# [Information supplied]
________

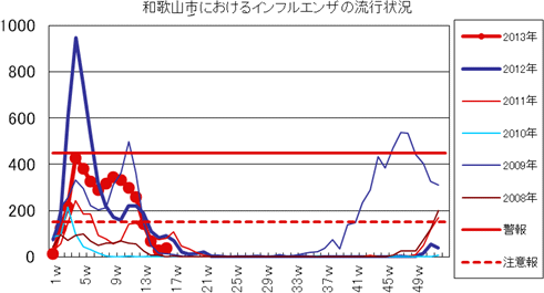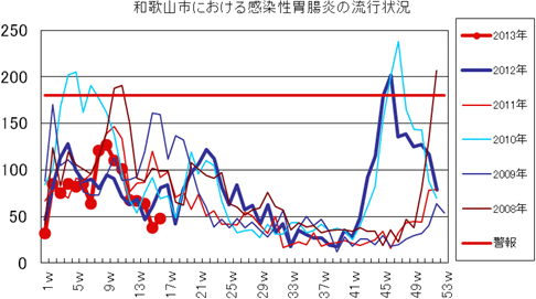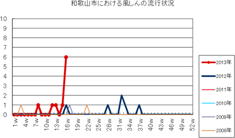2013年第1〜16週までの和歌山市の発生状況の概要です。
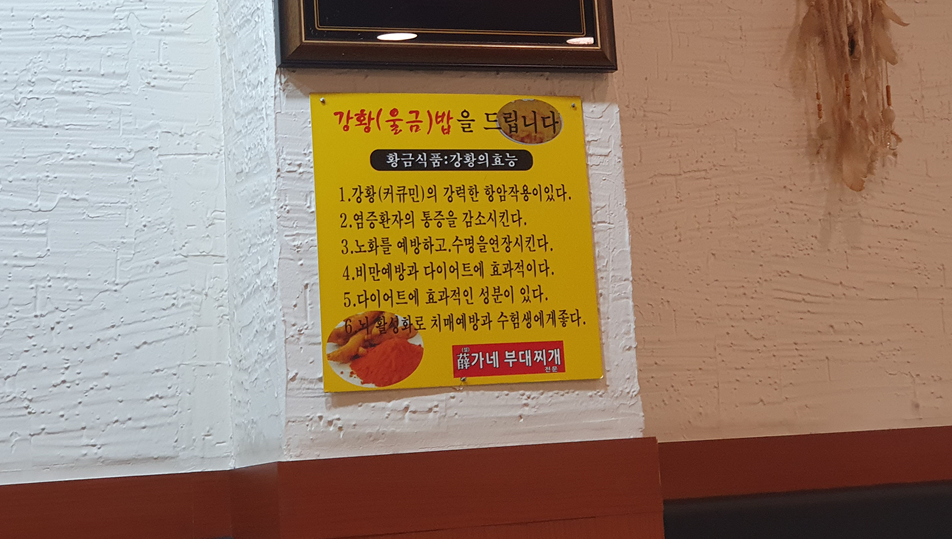 개봉사거리 맛집 설가네 부대찌개의 밥은 강황(울금)밥으로 노란거래요!!! 강황의 효능이 6가지가 있다고 하니 위에 사진을 참고하세요~
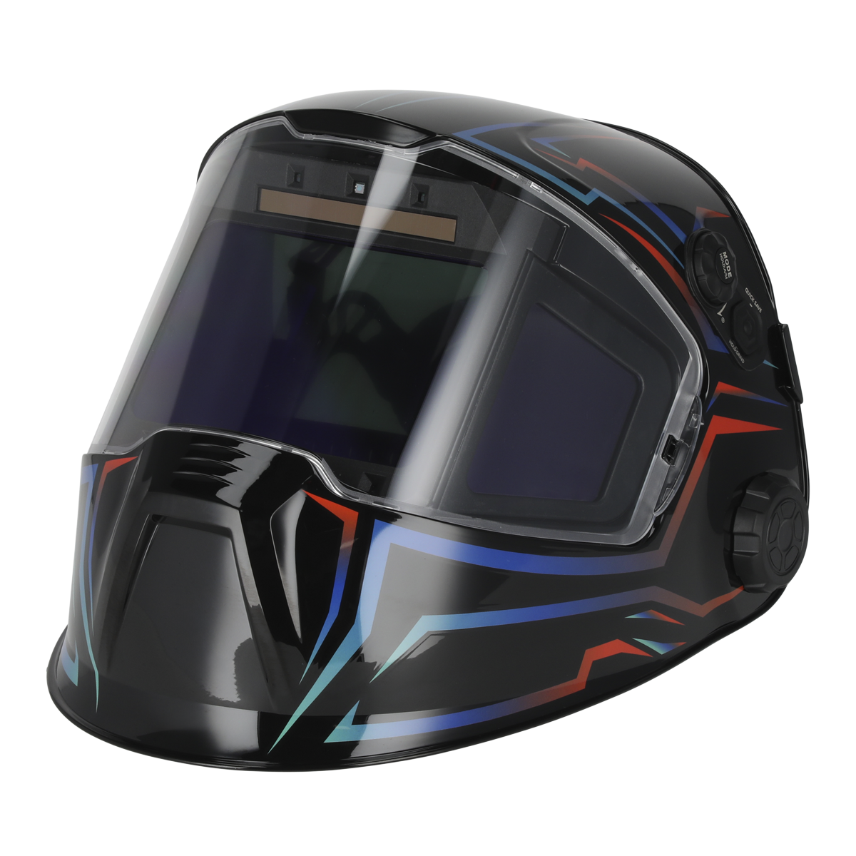 Fully digital panoramic welding helmet with true colour technology gives the best possible welding experience, providing improved depth perception and better peripheral vision. High quality variable shade 9-13 lens manufactured and tested to ISO 16321. Fully automatic switching from light to dark on striking arc. Digital control panel easily switches between modes and set delay, sensitivity and shade settings. Also includes memory-save function to preset and save up to nine personalised settings. Externally, the helmet also features rotating switch and mode selector to easily switch between welding and grinding settings whilst adjusting shade without removing the mask. Battery is easily replaceable but has solar back up to prolong the battery life. Suitable for MIG, TIG, arc/MMA, gas welding, cutting and grinding.,• PANORAMIC WELDING HELMET - Fully digital panoramic welding helmet and true colour technology give the best possible welding experience providing improved depth perception and better peripheral vision.
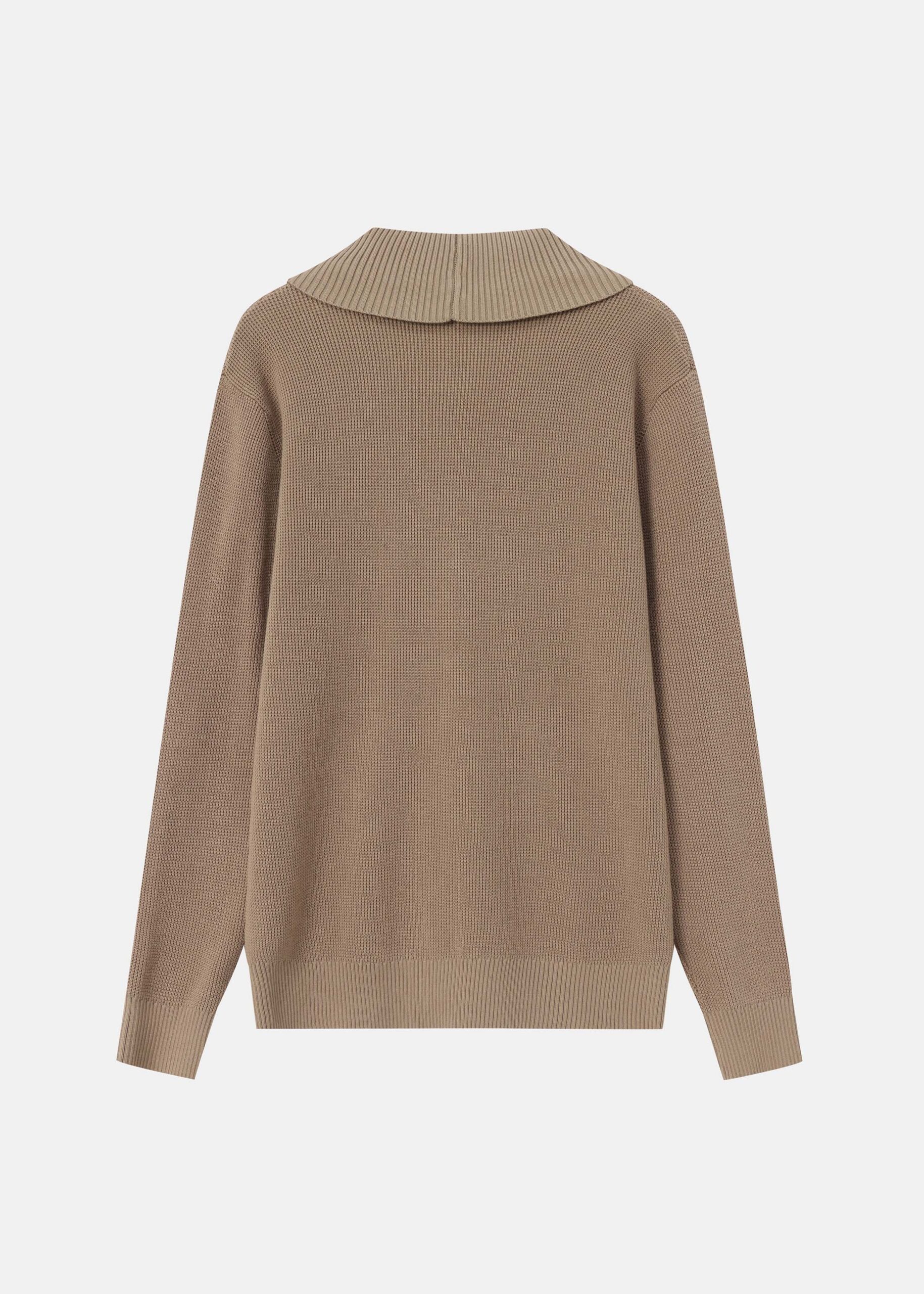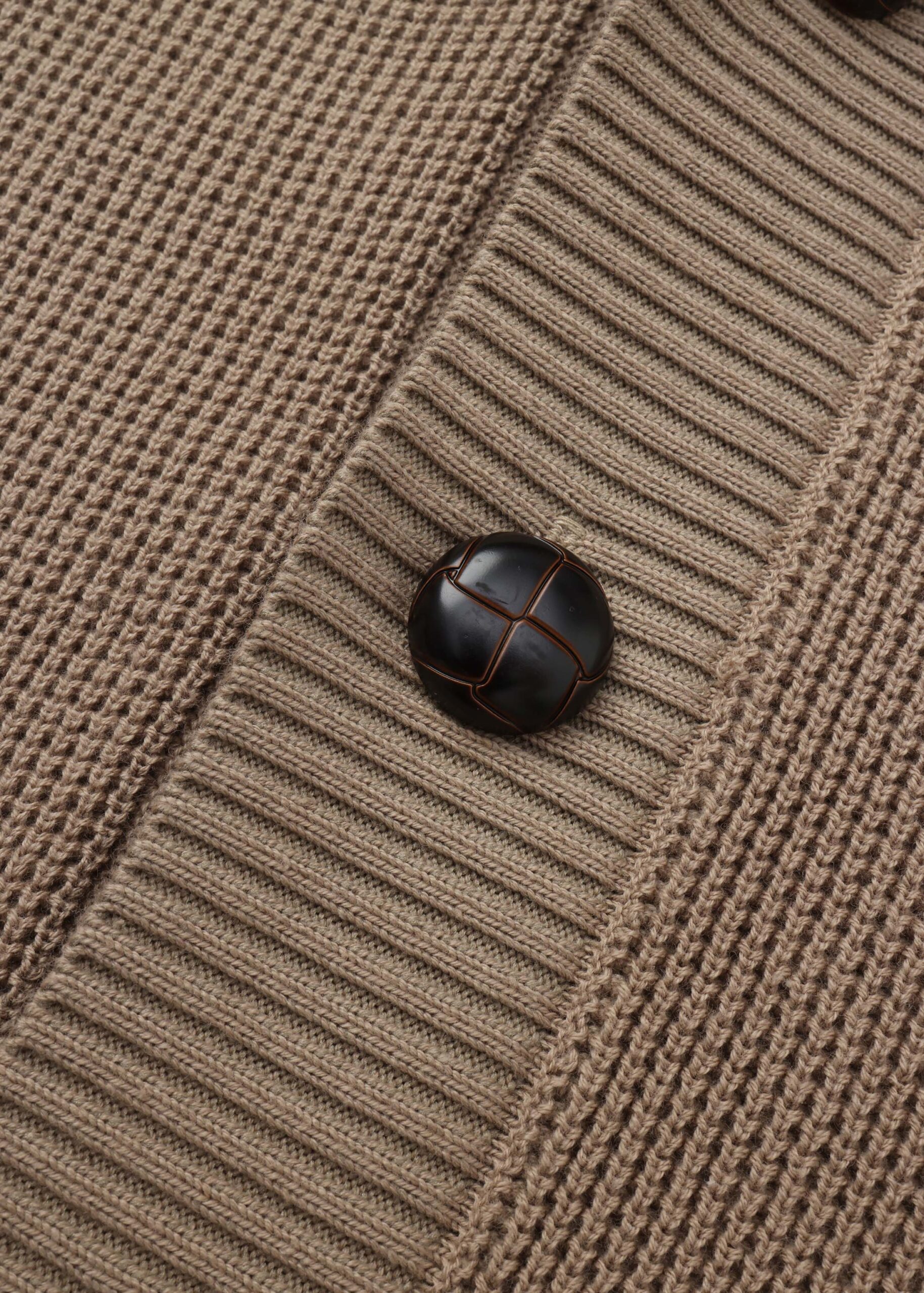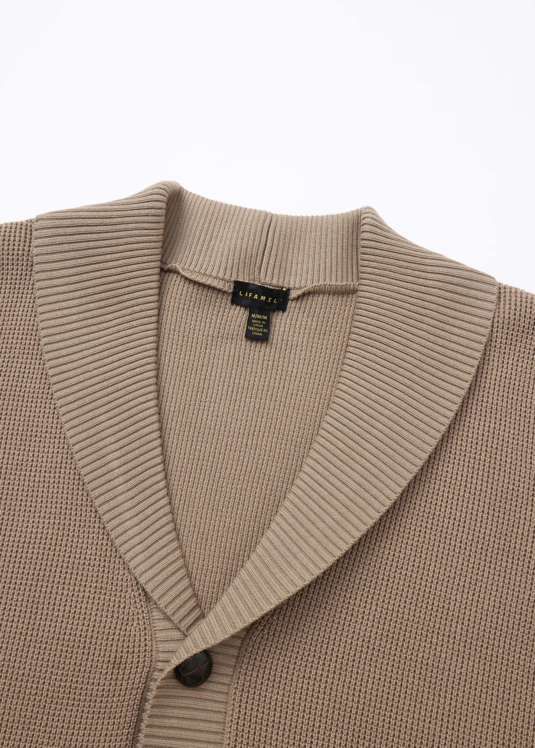 Men sweater, knitted fabric, patterned, rolled collar V neck, front buttons to close, long sleeves, unique and warm

________

# [Activity]
Output the listing exactly, without images.

# [Output for this exercise]
2013年第1〜16週までの和歌山市の発生状況の概要です。
 개봉사거리 맛집 설가네 부대찌개의 밥은 강황(울금)밥으로 노란거래요!!! 강황의 효능이 6가지가 있다고 하니 위에 사진을 참고하세요~
 Fully digital panoramic welding helmet with true colour technology gives the best possible welding experience, providing improved depth perception and better peripheral vision. High quality variable shade 9-13 lens manufactured and tested to ISO 16321. Fully automatic switching from light to dark on striking arc. Digital control panel easily switches between modes and set delay, sensitivity and shade settings. Also includes memory-save function to preset and save up to nine personalised settings. Externally, the helmet also features rotating switch and mode selector to easily switch between welding and grinding settings whilst adjusting shade without removing the mask. Battery is easily replaceable but has solar back up to prolong the battery life. Suitable for MIG, TIG, arc/MMA, gas welding, cutting and grinding.,• PANORAMIC WELDING HELMET - Fully digital panoramic welding helmet and true colour technology give the best possible welding experience providing improved depth perception and better peripheral vision.
 Men sweater, knitted fabric, patterned, rolled collar V neck, front buttons to close, long sleeves, unique and warm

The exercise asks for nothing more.